**Exercise instructions**
Copy nothing past the line containing "Suporte Porta Xícara". Transcribe every line of the listing below up to and including it, from the first, except pictures.

******

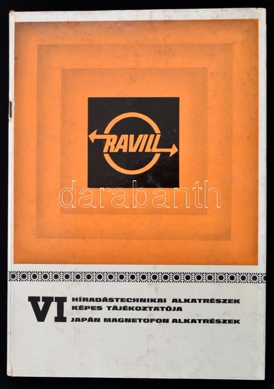 Híradástechnikai alkatrészek képes tájékoztatója. VI. Japán magnetofonok alkatrészek. Szerk.: Tollár Imréné. Bp.,(1976), Ravill Kereskedelmi Vállalat,(Franklin-ny.), 168 p. Kiadói kissé sérült gerincű kartonált papírkötés.
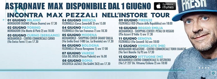 Sempre a partire dal 1° giugno Max Pezzali incontrerà i fan nell’instore tour che toccherà le principali città italiane.
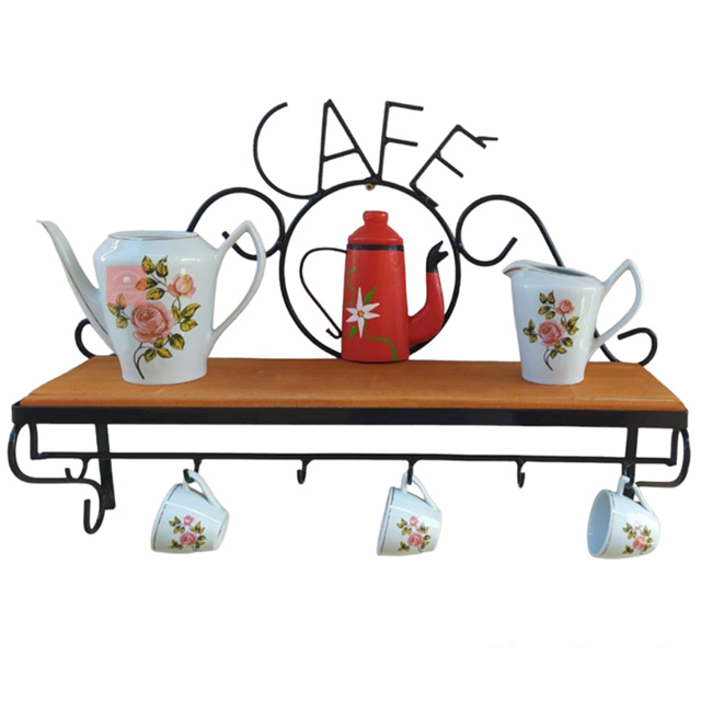Suporte Porta Xícara Parede Cantinho Café Porta Condimento Prateleira de Cozinha
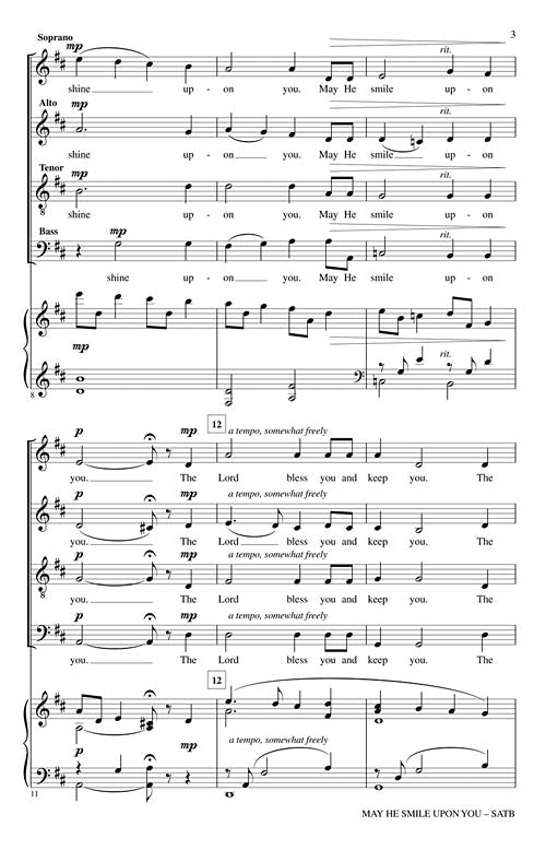 Uses: General, Benediction, Concert Scripture: Numbers 6:24-26 This rendition of the familiar Aaronic blessing finds new ways to embrace this celebrated scripture. Vocal layering creates a peaceful texture, while true four-part writing gives all voices an equal role in the sonic stack. In just a brief period, this piece achieves a wide range of dynamic and expressive contrasts. A perfect choice as a benediction or concert closer.
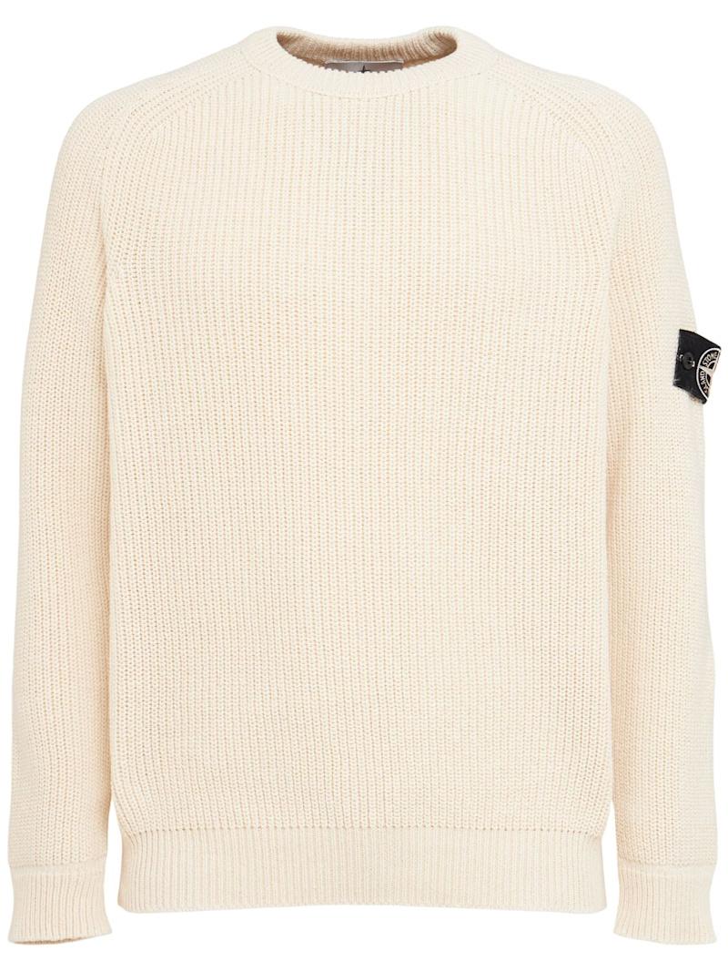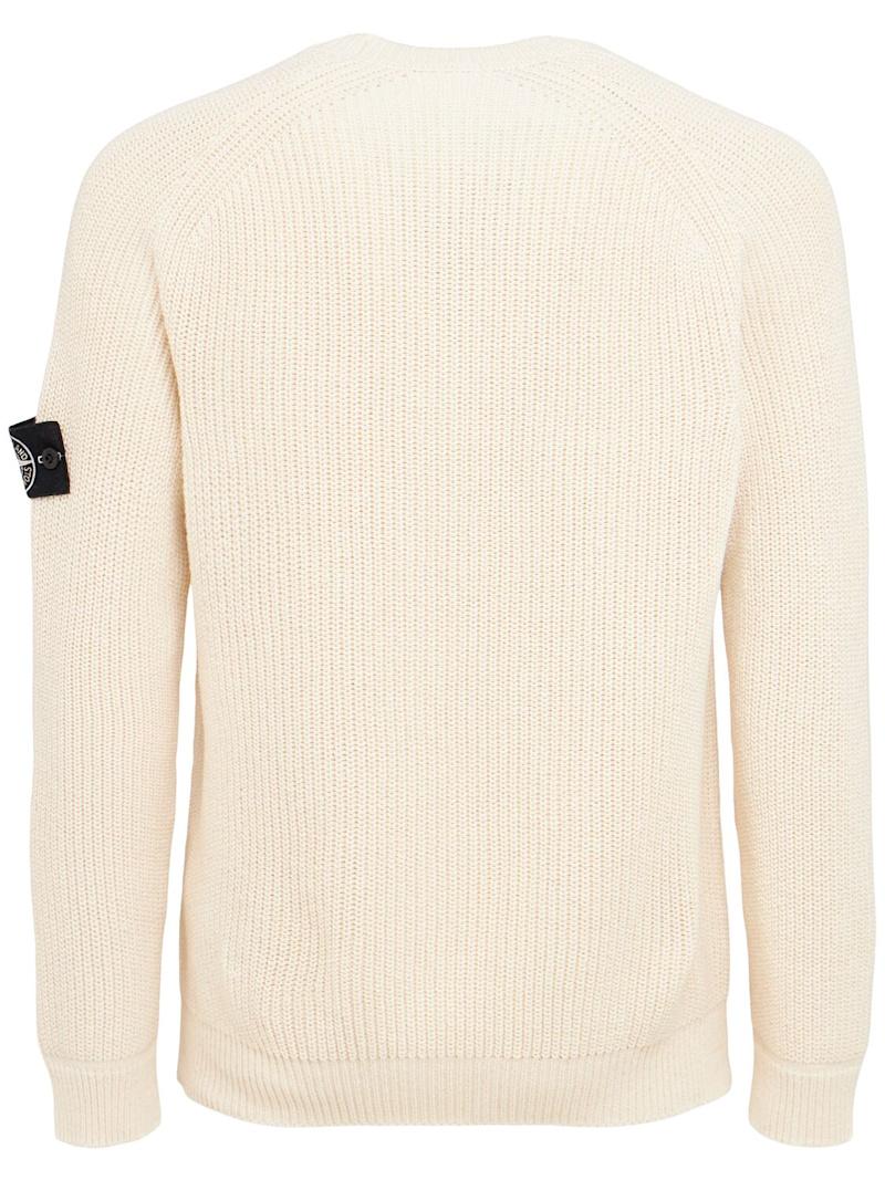 Raw Beauty棉质渔夫纹毛衣 - 象牙色 - 男士 - Stone Island - 罗纹边缘.

******

**Answer section**
 Híradástechnikai alkatrészek képes tájékoztatója. VI. Japán magnetofonok alkatrészek. Szerk.: Tollár Imréné. Bp.,(1976), Ravill Kereskedelmi Vállalat,(Franklin-ny.), 168 p. Kiadói kissé sérült gerincű kartonált papírkötés.
 Sempre a partire dal 1° giugno Max Pezzali incontrerà i fan nell’instore tour che toccherà le principali città italiane.
Suporte Porta Xícara Parede Cantinho Café Porta Condimento Prateleira de Cozinha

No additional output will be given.